Biographie[modifier | modifier le code]

Titulaire d'une maîtrise d'histoire intitulée Le PCF et le pouvoir entre 1944 et 1947 : analyse des textes officiels du PCF (1972, sous la direction de Madeleine Rebérioux), François Dosse est agrégé d'histoire (1973)[1].

Le 7 décembre 1983, il soutient une thèse de troisième cycle intitulée L'école des Annales dans les médias depuis 1968, sous la direction de Jean Chesneaux[1], obtenue avec la mention très bien. Il poursuit depuis des recherches sur le structuralisme, le philosophe Paul Ricœur (sa biographie, Paul Ricœur. Les sens d'une vie, publiée en 1997, fait aujourd'hui autorité) et l'historien Michel de Certeau.

Le 12 décembre 2001, à l'IEP de Paris, il soutient son habilitation universitaire, intitulée Écoles, Paradigmes, Biographies… Jalons pour une Histoire intellectuelle. Son garant est Jean-François Sirinelli.
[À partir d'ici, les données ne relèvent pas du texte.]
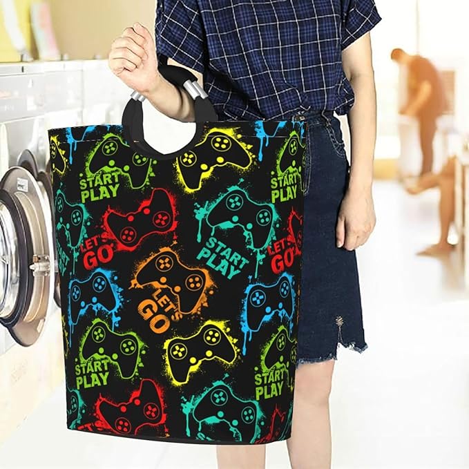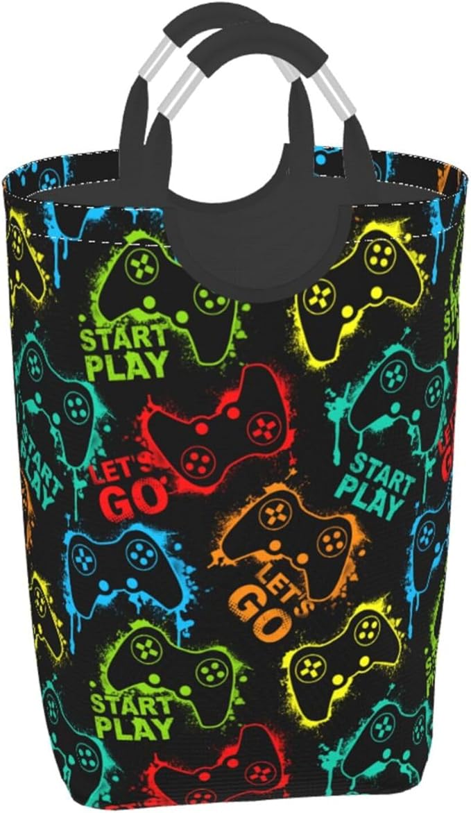 Game Theme Large Laundry Hamper Bag With Waterproof Liner - Gaming Joystick Silhouettes Laundry Basket Foldable Clothes Storage Organizer For Bathroom Bedroom Nursery Dorm

Le jury est composé de Philippe Boutry, de Jean-Yves Mollier, de Pierre Nora et d'Henry Rousso[1].

François Dosse est l'un des fondateurs de la revue EspacesTemps. En 2007, il publie Gilles Deleuze et Félix Guattari, biographie croisée, où il prend le pari de réhabiliter Guattari dans une histoire intellectuelle qui n'a retenu que Deleuze. En 2011, il consacre une biographie à l'historien Pierre Nora.
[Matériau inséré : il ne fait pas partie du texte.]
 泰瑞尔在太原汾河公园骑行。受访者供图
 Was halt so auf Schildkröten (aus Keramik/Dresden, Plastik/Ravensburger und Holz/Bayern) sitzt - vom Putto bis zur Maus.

François Dosse est actuellement professeur d'histoire contemporaine à l'université Paris-Est-Créteil-Val-de-Marne et enseignant à l'Institut d'études politiques de Paris.

Famille[modifier | modifier le code]

Il est le fils de l'artiste peintre Tonia Cariffa.

« L'histoire en miettes »[modifier | modifier le code]

Origine de l’expression[modifier | modifier le code]

La notion de « l’histoire en miettes », apparaît dans les travaux de François Dosse la première fois dans un article de 1974 pour la revue Politique-Hebdo, le premier de l’historien[1]. Elle sert ensuite de titre à son premier ouvrage en 1987[2] et à un article pour la revue EspacesTemps.

Ces travaux consistent en des études de l’historiographie française et en particulier de l’École des Annales et de ses évolutions et du courant de la Nouvelle histoire. Premier domaine de spécialisation de l'auteur et thème de sa thèse.

François Dosse s’inspire, pour ce concept, de l’ouvrage de Georges Friedmann, Le travail en miettes (1956)[3], économiste qui a contribué aux publications de la revue des Annales. À noter que Dosse explique s’être inspiré de « l’éclatement de l’histoire » théorisée par Pierre Nora pour la collection « Bibliothèque des histoires »[4].

La première génération des Annales[modifier | modifier le code]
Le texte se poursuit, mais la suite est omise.